_Work instructions_
Pictures excluded, copy all of the data below exactly.

Given data Block Start

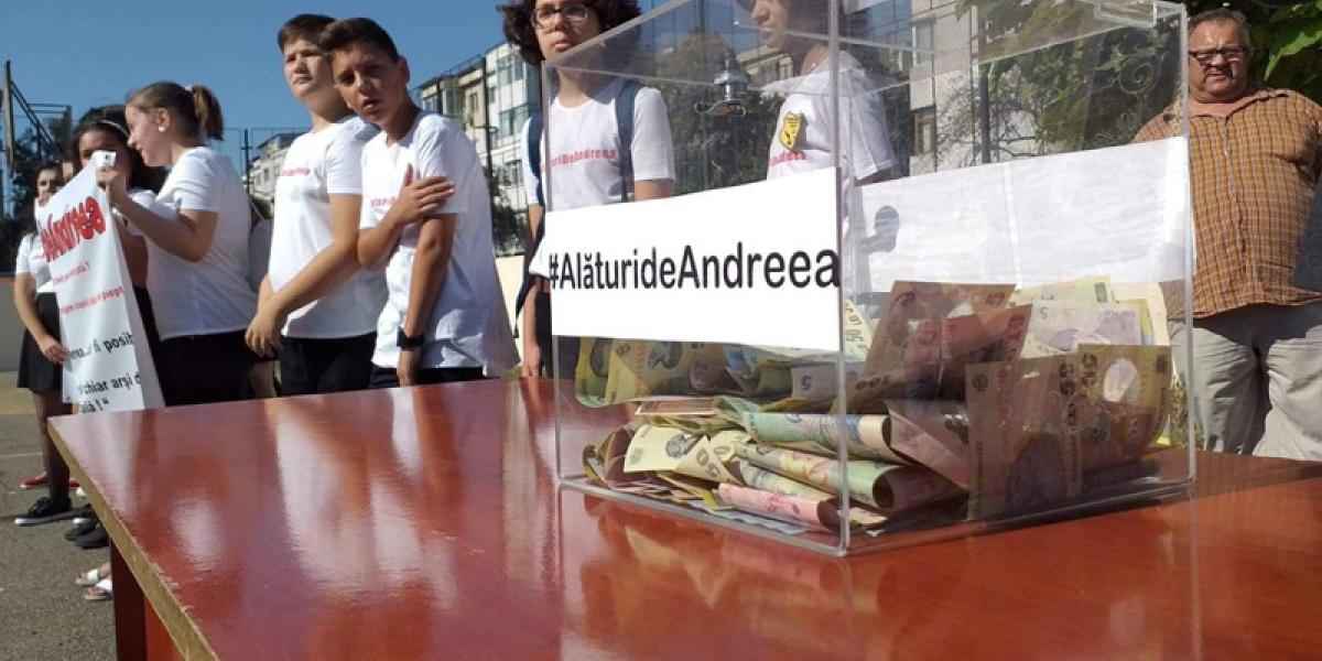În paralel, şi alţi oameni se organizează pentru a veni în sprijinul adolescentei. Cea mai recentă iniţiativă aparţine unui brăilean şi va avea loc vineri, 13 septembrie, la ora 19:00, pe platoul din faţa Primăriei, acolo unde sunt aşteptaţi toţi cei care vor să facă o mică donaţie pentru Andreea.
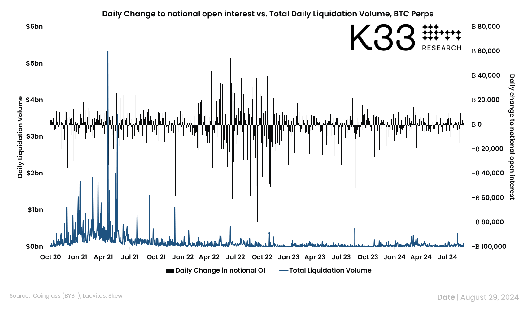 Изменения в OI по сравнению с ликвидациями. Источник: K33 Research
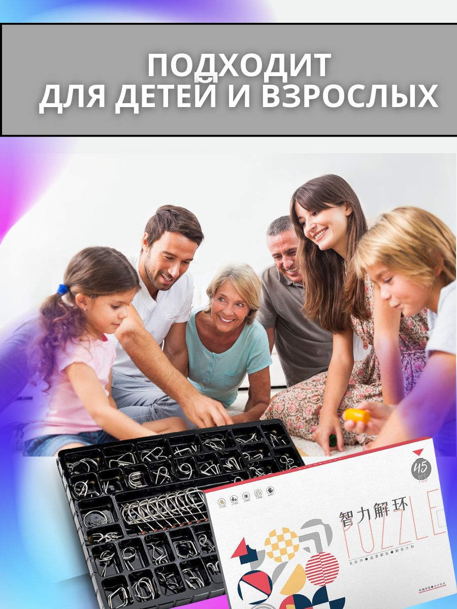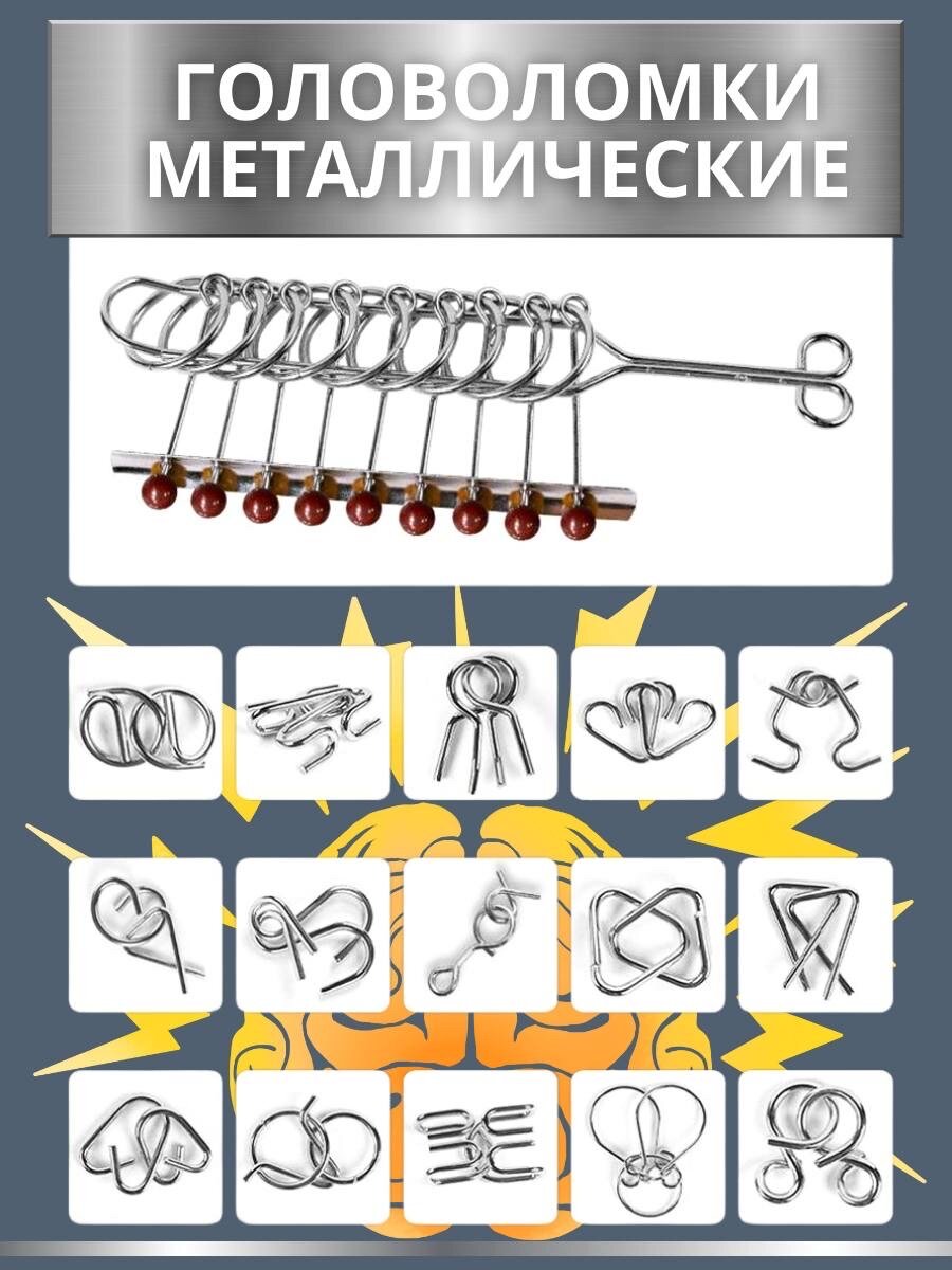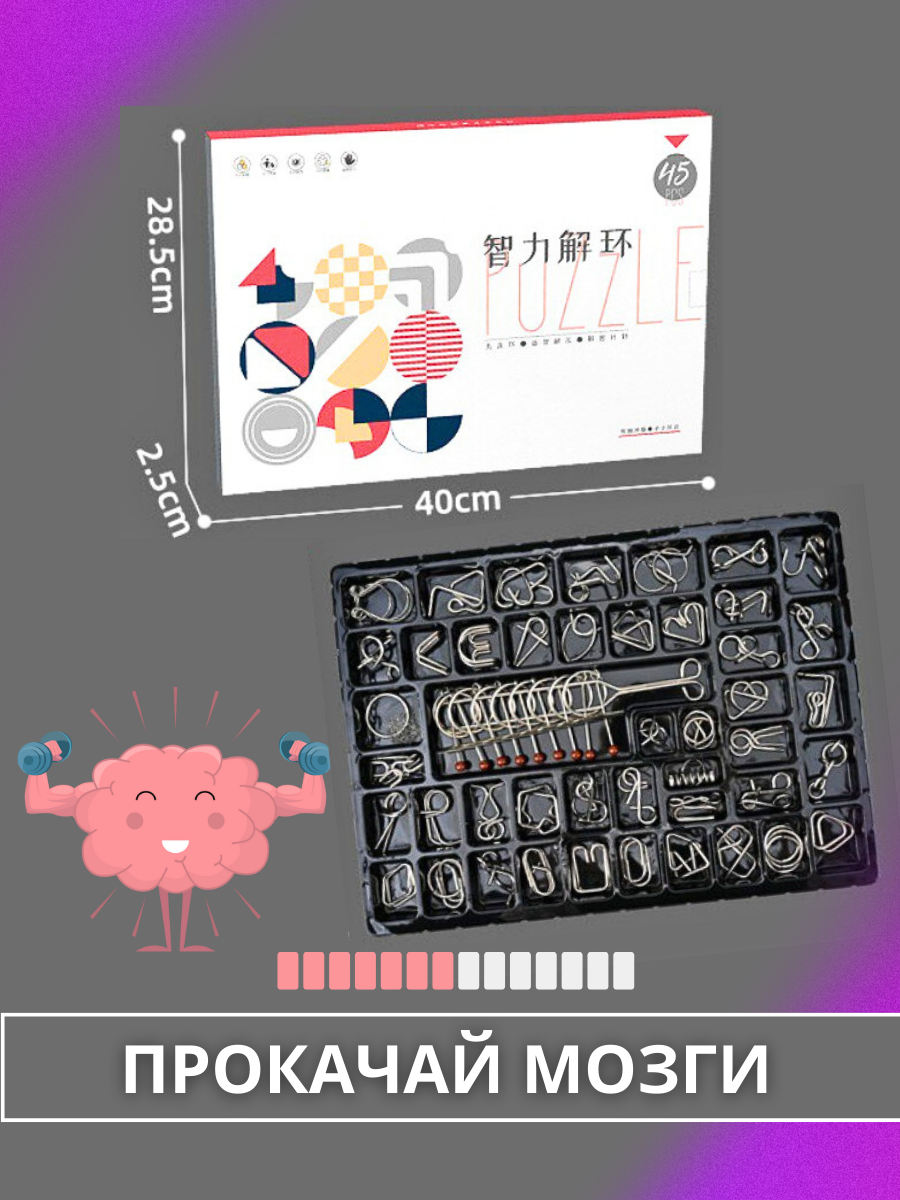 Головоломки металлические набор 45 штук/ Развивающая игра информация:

Given data Block End

_Task response_
În paralel, şi alţi oameni se organizează pentru a veni în sprijinul adolescentei. Cea mai recentă iniţiativă aparţine unui brăilean şi va avea loc vineri, 13 septembrie, la ora 19:00, pe platoul din faţa Primăriei, acolo unde sunt aşteptaţi toţi cei care vor să facă o mică donaţie pentru Andreea.
 Изменения в OI по сравнению с ликвидациями. Источник: K33 Research
 Головоломки металлические набор 45 штук/ Развивающая игра информация:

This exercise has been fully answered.